Both hands now tilt upward slightly and the right index finger and thumb release only the top block of cards as both hands part to let that top block fall through to the table. (This upward V-angled parting motion is similar to that used in the basic three-block false cut described on page 66.)
Now drop the bottom block of cards in the left hand on top of those cards on the table. Then drop the remaining block of cards in the right hand, and finally drop the last block of cards still in the left hand as shown in Figure 25. ... Your stack remains on top, completely intact despite an incredibly thorough-looking cut.
Like many Neocheating maneuvers, the description seems much more intricate than the actual execution. The entire four-block false cut takes no more than five or six seconds to execute, even when done without haste. The moves are relatively easy to execute, especially if you have practiced the three-block cut described in Chapter IV. And, as in that three-block cut, the first step of bringing the bottom portion of cards to the top is performed faster than the subsequent card-dropping steps. After an hour or two of practice, you will be executing the four-block cut smoothly. And if you decide to master this cut, you will develop a nimbleness in your fingers that will be valuable for executing almost any card-manipulation technique.
The intricate-appearing, four-block false cut adds a convincing finality to any stacking procedure. But against certain opponents (e.g., against very naive or against very savvy opponents), extra thorough or elaborate cuts may actually increase suspicion. In such cases, a simpler or more straight forward cut is best.

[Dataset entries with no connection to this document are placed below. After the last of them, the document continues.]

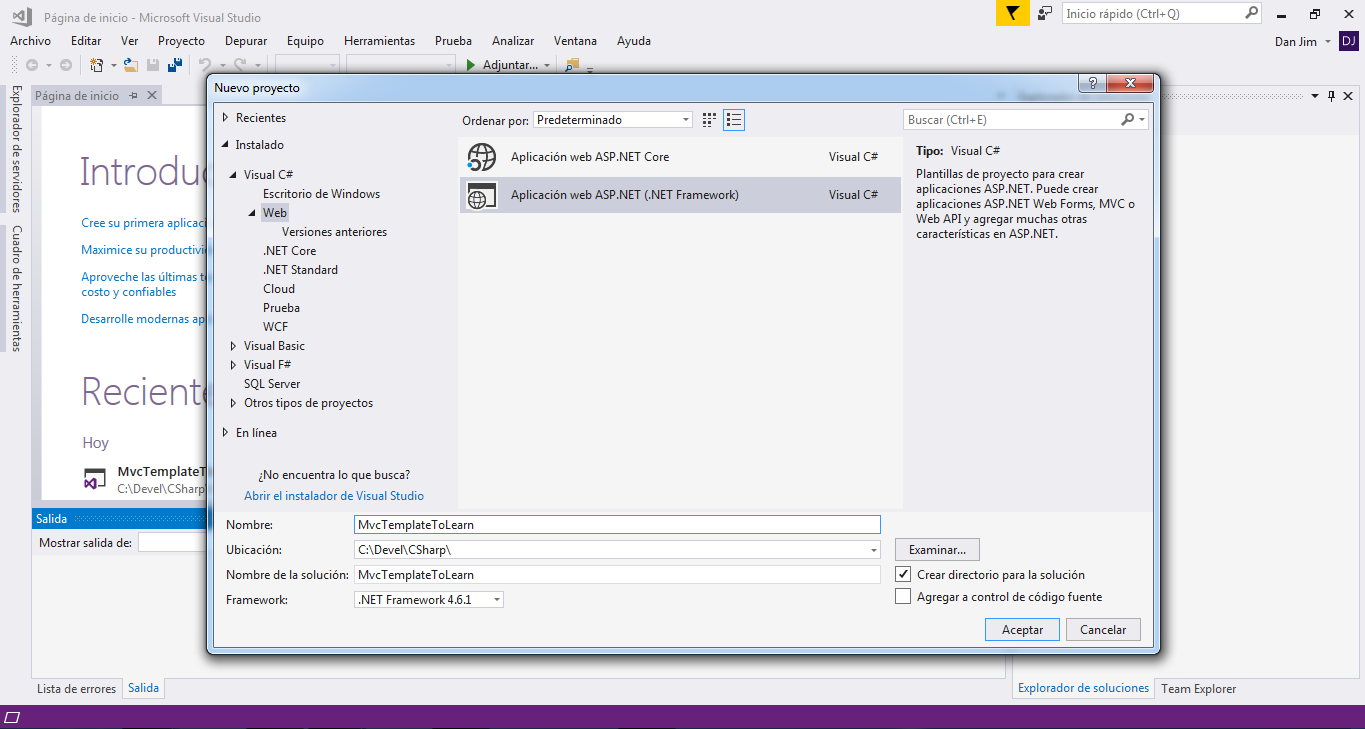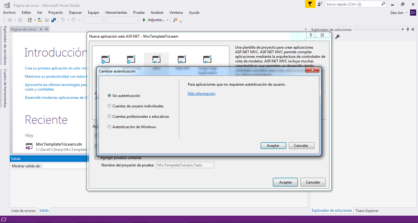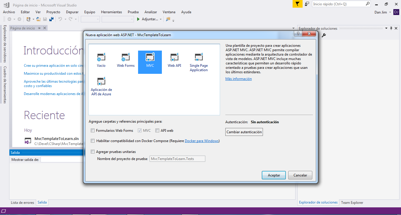 2.- Iremos al menu Archivo -> Nuevo -> Proyecto 3.- Nos colocaremos en Instalado -> Visual C# -> Web -> Aplicación web ASP.NET(Net Framework) 4.- Daremos nombre al proyecto, en este caso sera MVCTemplateToLearn 5.- Seleccionaremos la opción MVC y en el lado derecho existe un boton que dice cambiar autenticación daremos click Sin Autenticacion6.- Daremos click en el boton aceptar y esperaremos a que Visual Studio cree el proyecto.
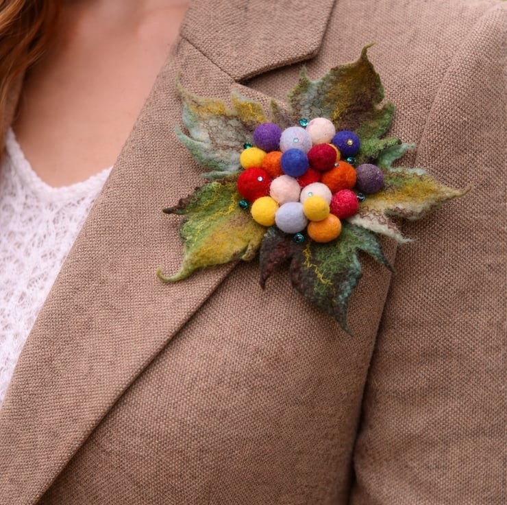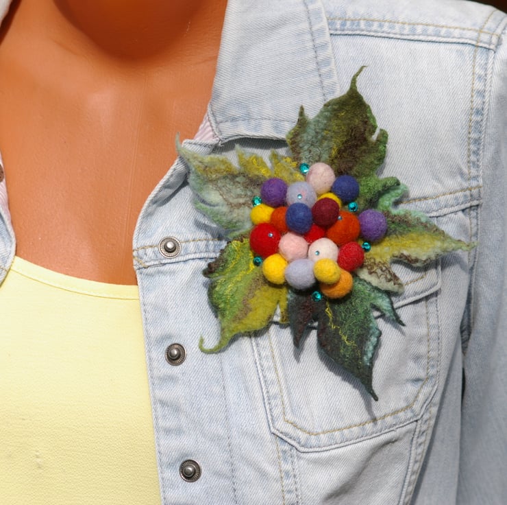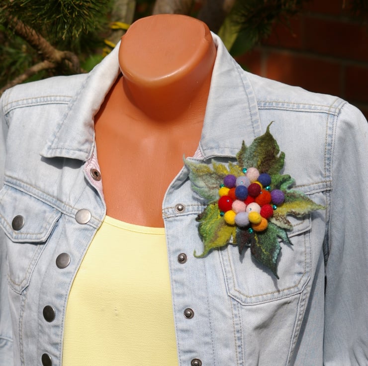 Handmade felted wool brooch created using traditional felting techniques. This unique accessory features a floral design with textured leaves and a decorative center composed of colorful felted wool balls. Each detail is carefully crafted, giving the brooch a vibrant and artistic look. Lightweight and comfortable to wear, it is perfect for decorating jackets, coats, scarves, or bags.
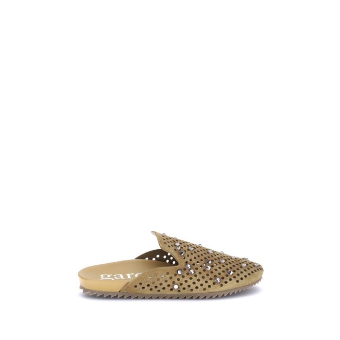 The Raidy Mules by Pedro García combine elegance and originality in a sophisticated design. Made of suede with perforated workmanship, they are enriched with rhinestones applied on the front that give light and character. The zig-zag sole completes the model with a modern and distinctive touch.

The next false cut is neither as complex nor as flourishing as the one above. Instead, the cut has a crisp businesslike appearance and is worth mastering for both its simplicity and efficacy.
Lift the deck from the table and grasp the cards with both hands by placing the thumbs and middle fingers along the sides at each end and resting the forefingers lightly on top. Next, create a slender gap along the inner side of the deck (as shown in Figure 26-A) by pushing down (crimping) the right inside corners of the bottom few cards with your right thumb; and then with your right thumb and middle finger pull out about half of the lower deck and place that crimped portion on top of the other deck half. The exposed side of the deck facing opponents should be even, with no visible gaps. The right fingers shield the gap on the right end, and the right forefinger pressing down on top of the deck keeps the gap from being visible along the inside edge and on the left end.
With the left thumb and middle finger, proceed with a series of shallow cuts by pulling small blocks of cards from the top and placing them one above the other on the table as shown in Figure 26-B. When you approach the gap let it open wider by releasing the pressure from your right forefinger (which has been pressing down on top of the deck) -- with the wider gap you can more easily and accurately hit your crimp. Continue pulling off small blocks of cards up to that crimp. Then with an air of finality slap the remaining entire block of cards on top of those already on the table. ... Your stack now sits undisturbed on top. Square the deck on the table with your thumbs and fingers.
In thirty minutes to an hour, you should be able to execute this basic false cut with speed and smoothness. The series of small-block cuts should be fairly rapid and without hesitation, especially when you reach the gap.
The basic workhorse cut is popular among clever mechanics and, for the Neocheater, is well worth mastering. Also, this false cut can preserve a bottom cull or stack by making the first cut up to the gap, followed by a series of small-block cuts with the remainder of the deck.